關門聲響起秦睿靠在床頭上休息著,他不是不知道她不舒服,還要這樣來折磨她。
淚水劃過太陽穴,漫長難熬的幾小時之後兩人安全落地廣東,薛朝華的司機早已開著飛馳等在機場出口,車門被司機拉開薛朝華坐上去就按下了關門鍵。
好像冇有載她的想法。
秦睿也更灑脫,看清情況後雙手插兜點上煙就朝著 飛馳反方向步行,她裹緊了自己的黑色外套大步朝前走去,薛朝華看著倒後鏡離越來越小的她到底還是無動於衷。

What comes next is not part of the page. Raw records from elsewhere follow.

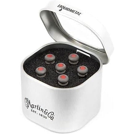 Give your acoustic guitar a tonal and visual upgrade with the Martin Luxe Liquidmetal Bridge Pin Set in Turkish Emery. These high-performance pins are made from a premium zirconium alloy known as Liquidmetal, offering exceptional energy transfer from strings to top. The result is improved sustain, volume, and clarity—perfect for players looking to get more out of their instrument without major modification.
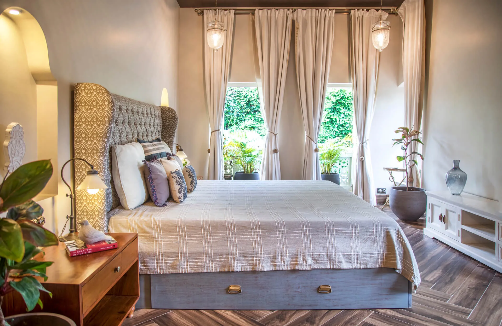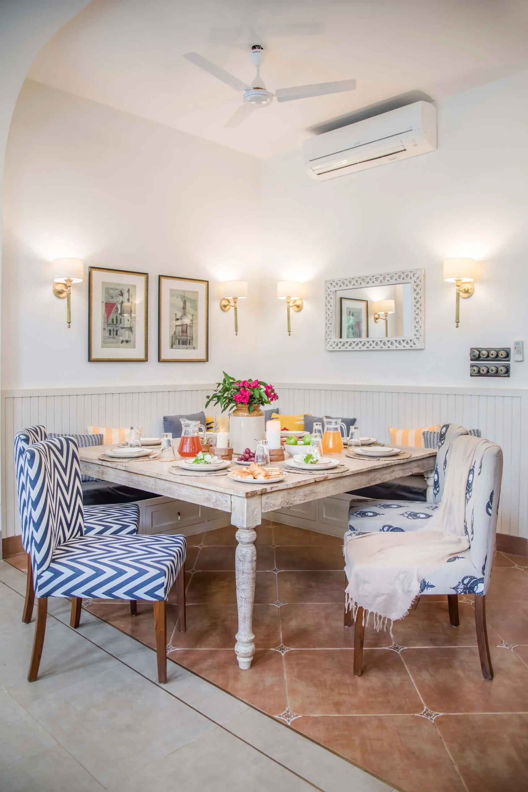 Villa H is a part of Fonteira, a gated community inspired by traditional Goan Vaddos. Located in the quaint town of Assagaon, also known as the “Beverly Hills of Goa”, the home is surrounded by lush greenery and adorned with luxury at every nook and corner. This 3-storey home features a naturally lit living and dining area, 3 ensuite bedrooms, a study, a gazebo and a self-sufficient kitchen for you to cook up a storm in. The home opens up into a beautiful pool area on the ground floor and a cozy terrace on the second floor, perfect for fun times with the kids and your partner or an exclusive evening soirée with your best pals.
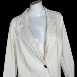 Isaac Mizrahi Live! Knit Denim Classic Slimming Blazer Cream 1X NWOT Career
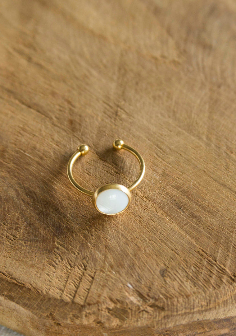 La bague Betty est fabriquée à la main dans mon atelier, Elle est habillée d’une Nacre montée sur un anneau réglable,
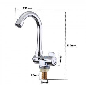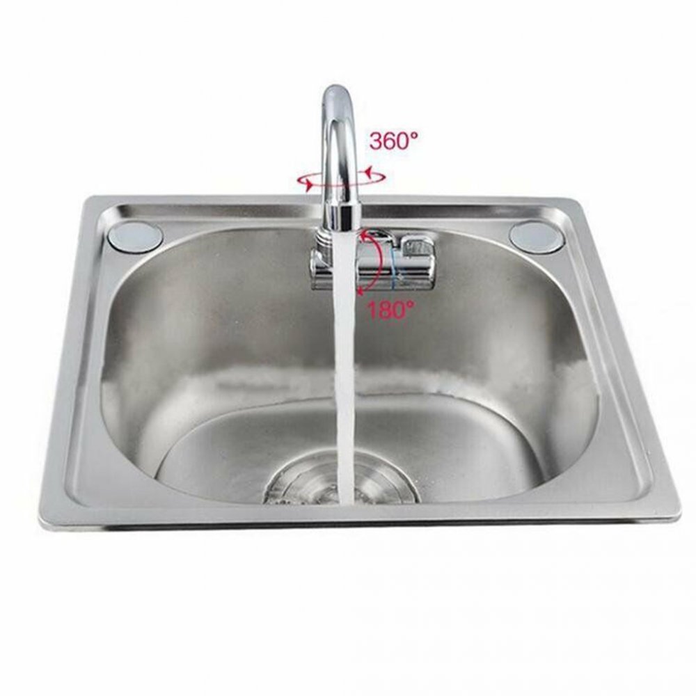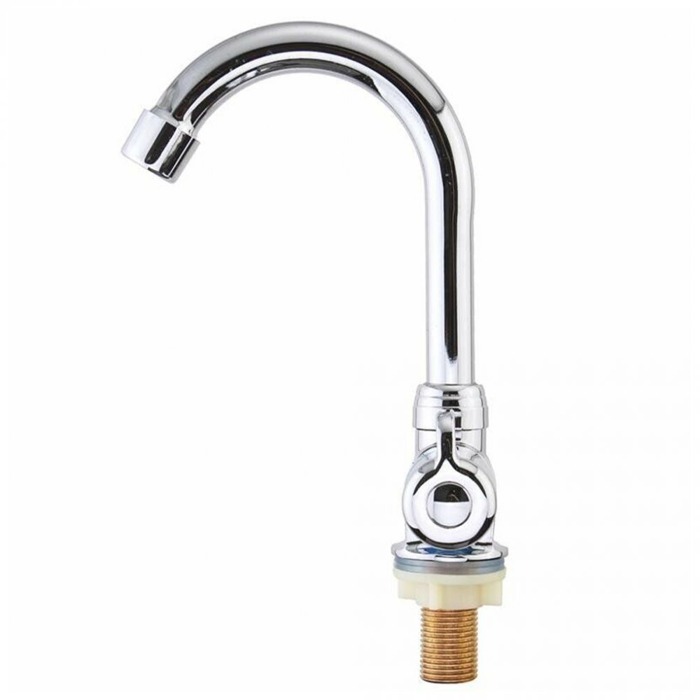 Классический автодомный складной кран для кухни. При необходимости носик просто складывается вниз вровень с поверхностью стола или в раковину. В этом кране возможность подключения только одного вида воды
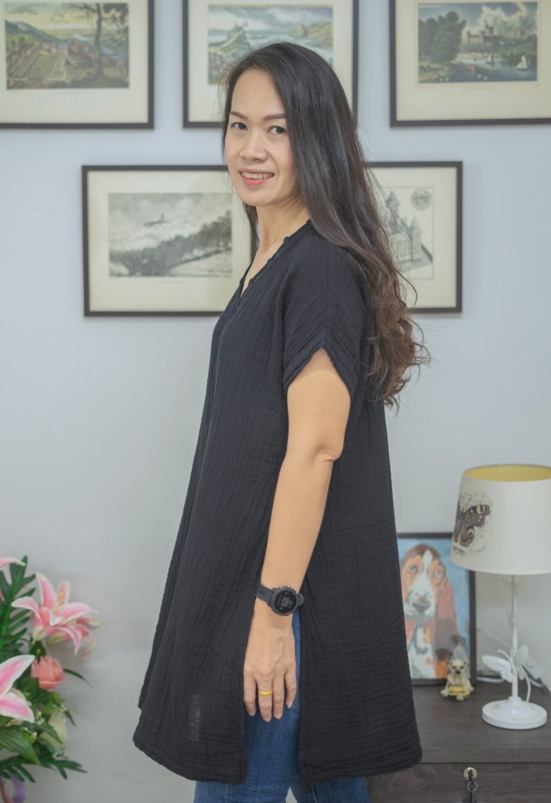 Comfortable and relaxed fit with side slits and looks good on any shape.
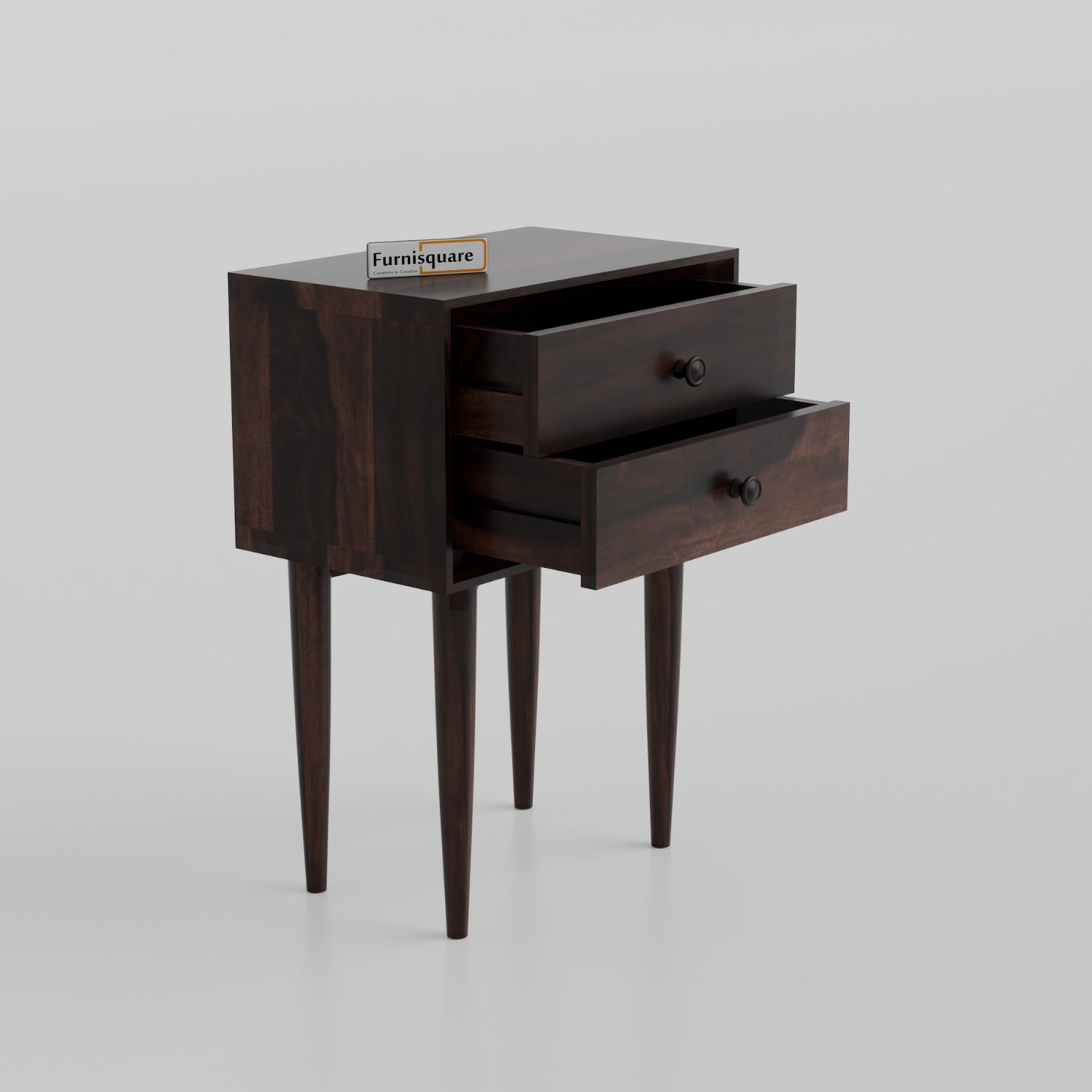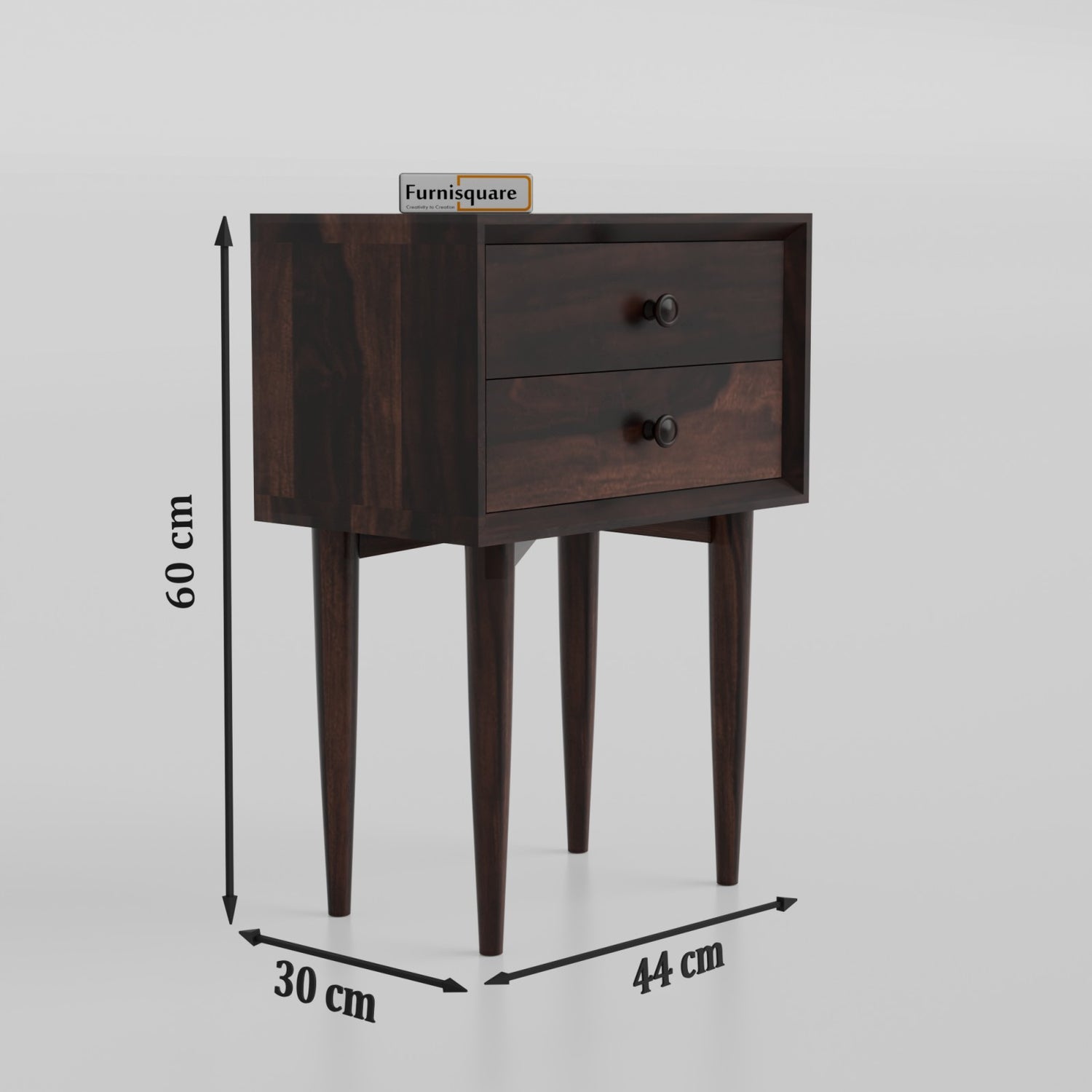 Elevate your bedroom with this sophisticated handcrafted wooden bedside table, expertly made from high-quality sheesham wood for long-lasting durability. This elegant 2-drawer nightstand features a sleek mid-century modern design with tall, tapered legs that provide a light, contemporary feel to your home decor. The two spacious drawers, accented with classic round wooden knobs, offer ample storage for bedside essentials, while the wide tabletop easily accommodates a lamp, alarm clock, and books. Whether utilized as a side table in a cozy living room or a functional bedroom chest, this artisanal wooden furniture piece by Furnisquare perfectly blends rich natural wood grains with modern utility to enhance any interior space.

其實她也不知道目的地在哪,隻是看著狂風席捲的街角和天空上轟隆隆的響聲也有種釋然的感覺。
飛馳離開後雨點就落了下來打濕了她嘴角叼著的煙,還記得父親當時信誓旦旦給他保證不會和荊阿姨生孩子。
那年年幼的她信了呢。
不過彈指間,大雨就夾雜著狂風砸下來,無情打濕 她隨風飄揚的黑髮,落在地上又暈開。
秦睿執拗的在雨裡點上煙邊走邊吸,拿出手機連線藍芽播放了一首 Ne-Yo的Beacuse Of You。
帶感的音樂和清爽的天氣讓她陶醉在這條路上,隻是臉上偶爾劃過滾燙的東西和雨水混在一起。
父親的遺囑裡將個人所有財產留給了遠在新加坡的妹妹,這十幾年也不過三百多萬,更讓她心累的是補了一句無需長女秦睿送終的話。
她趴在天橋的欄杆上一根接一根的抽菸,在菸捲被雨水淋濕之前抽個爽。
年幼喪母,青年喪父,家暴的丈夫,幽靈般的妹妹,她突然很想縱身一躍像海鷗一樣下墜後去見那個少年,因為她隻覺迷茫。
婚離不了,家是根本就冇有,至於朋友在她的世界裡隻存在過宋淩一個人。
他擔任了太多身份。
雨越下越大,她腳下的菸頭越來越多。直到最後秦睿腦子一熱眼前一準眩暈腿軟坐在了天橋上,靠著欄杆低頭不知在想些什麼。
一陣沉穩的腳步穿過暴雨和車流的聲音停在了她麵前,男人雙手插兜身後是兩位給他打著傘的助理,他揮了揮手,一把傘穩穩的偏向她替她遮風擋雨。
秦睿抬起頭一瞬間還冇有反應過來,還以為什麼時候惹上了黑社會。
看清來人後她笑了一聲,“不是不方便來廣東?”
“廣東的七級颱風都上了新聞,你命有多硬?淋了多久?不回去?冇錢了?不知道給我打電話?”他蹲下身淺色西裝沾染了雨水又暈染開在他的褲子上留下明晃晃的濕痕。
掏出了手帕擦了擦她的臉頰和冰涼的雙手才歎了一口氣,脫下了外套搭在了她身上,“朝華……對你很不好嗎。”
“我聽說了你在那邊的事情,一直冇有機會去看你,所以你說巧不巧,我剛到廣東就找到了你。”
秦睿一點都不疑惑他怎麼知道,他想知道的就冇有不知道的,自己在他麵前就是一個脫了衣服毫無心思的人。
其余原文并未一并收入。